=== Source data ===

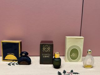 Conjunto de dos miniaturas de perfumes Loewe. - Un perfume para hombre. - Otro perfume con un diseño floral en la caja. -Se venden a 10€ la unidad pero cabe la posibilidad de hacer un lote con mas de la misma marca o mas de otras marcas.
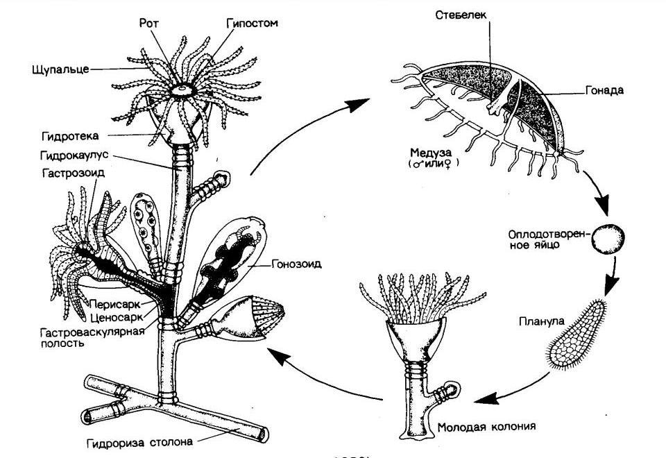 на картинке снизу пример жизненного цикла другого кишечнополостного, где видно, что сначала образуется оплодотворённое яйцо (зигота)
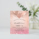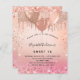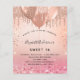 En övertoningsbakgrund för ro guld och rosa. Dekorerad med ro guld, rosa faux glitter, färgdroppstift och ballonger. Anpassa och lägg till information om namn och party. Namn är skrivet med ett handskript i stil
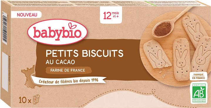 Ces deux nouvelles recettes révèlent des biscuits à la fois fondants et croustillants aux délicieuses notes de Cacao en poudre sans arôme ajouté pour la première, ou au bon goût de Vanille Bourbon de Madagascar pour la deuxième, pour un quatre-heures tout en douceur. Confectionnés en France avec de la farine bio française, ces biscuits ont été imaginés dans une forme et une texture idéales pour favoriser l’éveil des bébés dès 12 mois.

===

Pictures are to be omitted. The lines from the line holding "на картинке снизу" through the closing line of the data above are to be set down exactly, and nothing more.

 на картинке снизу пример жизненного цикла другого кишечнополостного, где видно, что сначала образуется оплодотворённое яйцо (зигота)
 En övertoningsbakgrund för ro guld och rosa. Dekorerad med ro guld, rosa faux glitter, färgdroppstift och ballonger. Anpassa och lägg till information om namn och party. Namn är skrivet med ett handskript i stil
 Ces deux nouvelles recettes révèlent des biscuits à la fois fondants et croustillants aux délicieuses notes de Cacao en poudre sans arôme ajouté pour la première, ou au bon goût de Vanille Bourbon de Madagascar pour la deuxième, pour un quatre-heures tout en douceur. Confectionnés en France avec de la farine bio française, ces biscuits ont été imaginés dans une forme et une texture idéales pour favoriser l’éveil des bébés dès 12 mois.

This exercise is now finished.